Según información heredada puede haber un nivel de memoria genética y según información adquirida, hay memoria adquirida que a su vez tiene tres niveles según momento de grabación y duración de la misma; estos son: de memoria inmediata, memoria reciente y memoria remota. La herencia tiene su base bioquímica en los cromosomas celulares que transmiten caracteres genéticos de progenitores a descendientes, mencionándose 22 aminoácidos básicos responsables del “código genético”. La memoria inmediata es susceptible de perderse fácilmente, no así la memoria reciente. La memoria remota persiste a daños severos del cerebro. Se ha observado en experiencias controladas con electroencefalógrafos que el hipocampo está implicado en memoria reciente; el hipotálamo en mantenimiento y retención de memoria, y los tejidos hipocampales de los lóbulos temporales en memoria duradera. Por otra parte, la terapia clínica relata casos de amnesia tales como la anterógrada (olvido posterior a un ‘shock’), la retrógrada (antes del ‘shock’) y su combinación retroanterógrada (olvido antes, durante y después del ‘shock’). En todo caso la memoria remota es difícilmente afectada, al menos en sus trazos generales. La recuperación de memoria es gradual, primero en imágenes aisladas que se van completando, hasta aparecer fi­nalmente los actos de reconocimiento con permanencia. La na­­turaleza del engrama estable se desconoce totalmente, pero su resistencia al electroshock y concusión, hace presumir su ba­­se en un cambio bioquímico en el núcleo celular, en el arn. El uso de drogas que facilitan la rememoración o grabación como cafeína, ni­cotina, anfetamina, o que inhiben memoria co­­­mo la puromicina, hacen ver la alteración química. La elec­tro­gra­­fía cerebral por último, rescata las ondas eléctricas del tra­­ba­­jo celular, evidenciándose la base elec­tro­quí­mica del fenóme­no.



Mecanismos de memoria

Ciertas conexiones neuronales, explicarían los niveles inmediatos y recientes por reverberación: el refuerzo de grabación, la asociación lateral y el olvido. Esto porque axones descendentes de las células piramidales mayores emiten cola­te­rales que retroalimentan con neuronas de asociación, a las den­dritas originales. Las colaterales recurrentes conectan además, con neuronas vecinas que asocian otra información y con una inhibitoria que vuelven a la neurona original. Estas fibras profundas reciben fibras talámicas específicas y no específicas, que terminan en la primera y cuarta capa de corteza.

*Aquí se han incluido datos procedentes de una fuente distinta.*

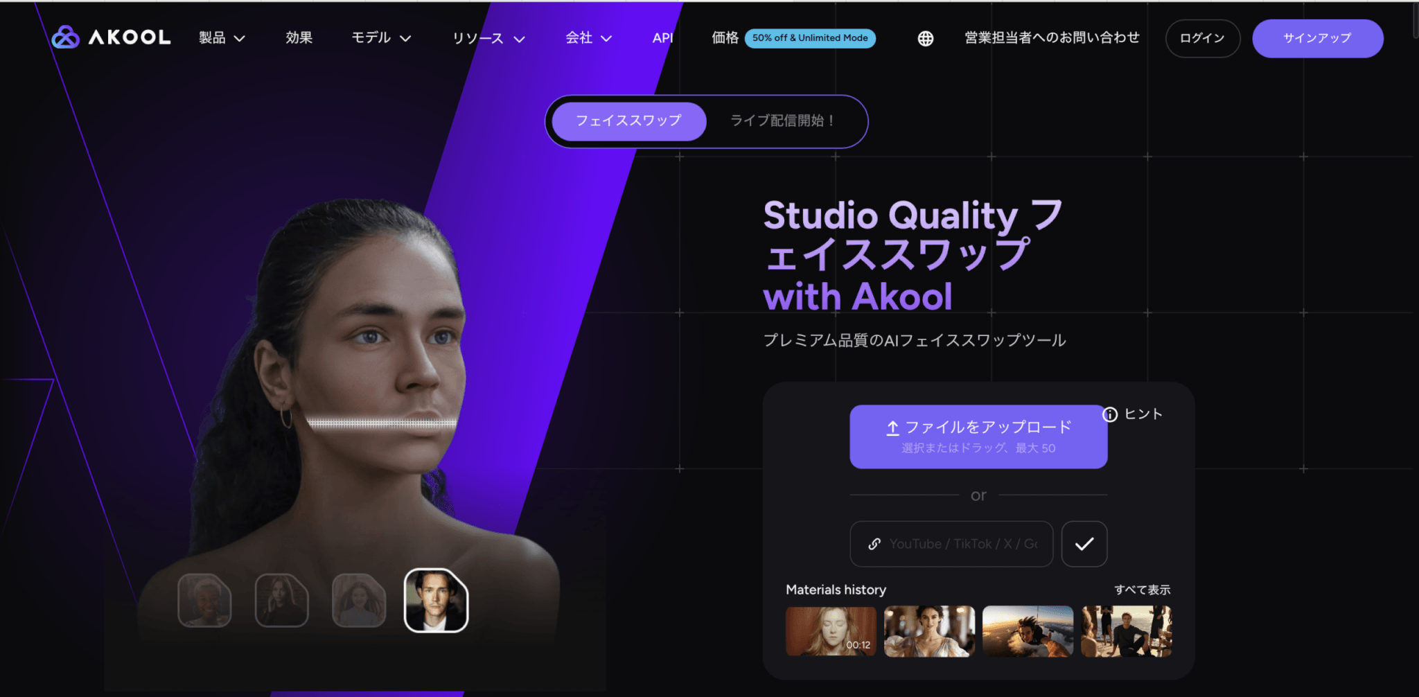 AKOOLは動画フェイススワップを本格的に活用したいクリエイターや企業に向いているAIツールです。

Hay indicios de la participación del hipocampo en la memoria reciente y cifrado de memoria, así es que en él podría haber una “recolección” que se distribuiría por la conexión anatómica del circuito cerrado que con tálamo y amígdala, incluye las áreas frontales de corteza. La información podría llegar aquí a seguir una distribución cortical y su almacenaje definitivo, teniendo en cuenta que el lóbulo frontal está mencionado como importante para tareas de abstracción y también relacionado con la conducta emotiva. Habría así, un “recolector”, “distribuidores” y “almacenado” en la información. Por su parte, el tálamo se conecta con la formación re­ticular. Por esta formación pasan vías no específicas y específicas (o vías clásicas) que llevan información a difundirse en la corteza. Este sería el circuito sensorio directo o memoria que estaría estrechamente ligado a los niveles de trabajo del sistema nervioso y podría explicar el me­­jor grabado de memoria en vigilia. La difusión que podría hacerse a tra­vés de tálamo (sistema reticular activador) sería una vía indirecta de base límbica, que daría el sustrato emotivo a toda actividad mnémica. La hipótesis en torno a la difusión específica que podría hacer la sustancia reticular, explicaría una distribución de estímulos muy variada. La interconexión entre lóbulos, explicaría las com­bi­naciones posibles de efectuarse (por ejemplo frontal con occipital y temporal, y como en temporal se relacionan tacto y vista, el fenómeno de estereognosis sería base de un tipo de rememoración al par que de traducción de impulsos). Un punto problemático es el cifrado y discriminación del dato: ¿es que a memoria llega imagen, o ésta se forma allí y se graba? Tal pregunta es difícil de responder en la actualidad. El “circuito interno” hace que se pien­se y se recuerden los pensamientos propios, o se recuer­den imágenes de sueños y ensueños. Estos impulsos se origi­na­rían en neocortex, por ejemplo, y por transmisión de axones (sustancia blanca) se relacionaría con otras áreas corticales; o podría también intervenir el tálamo y sustancia reticular. Como se verá más adelante (niveles de conciencia) la participación de ésta, es fundamental para activar y mantener la vigilia, nivel indispensable para el aprendizaje complejo.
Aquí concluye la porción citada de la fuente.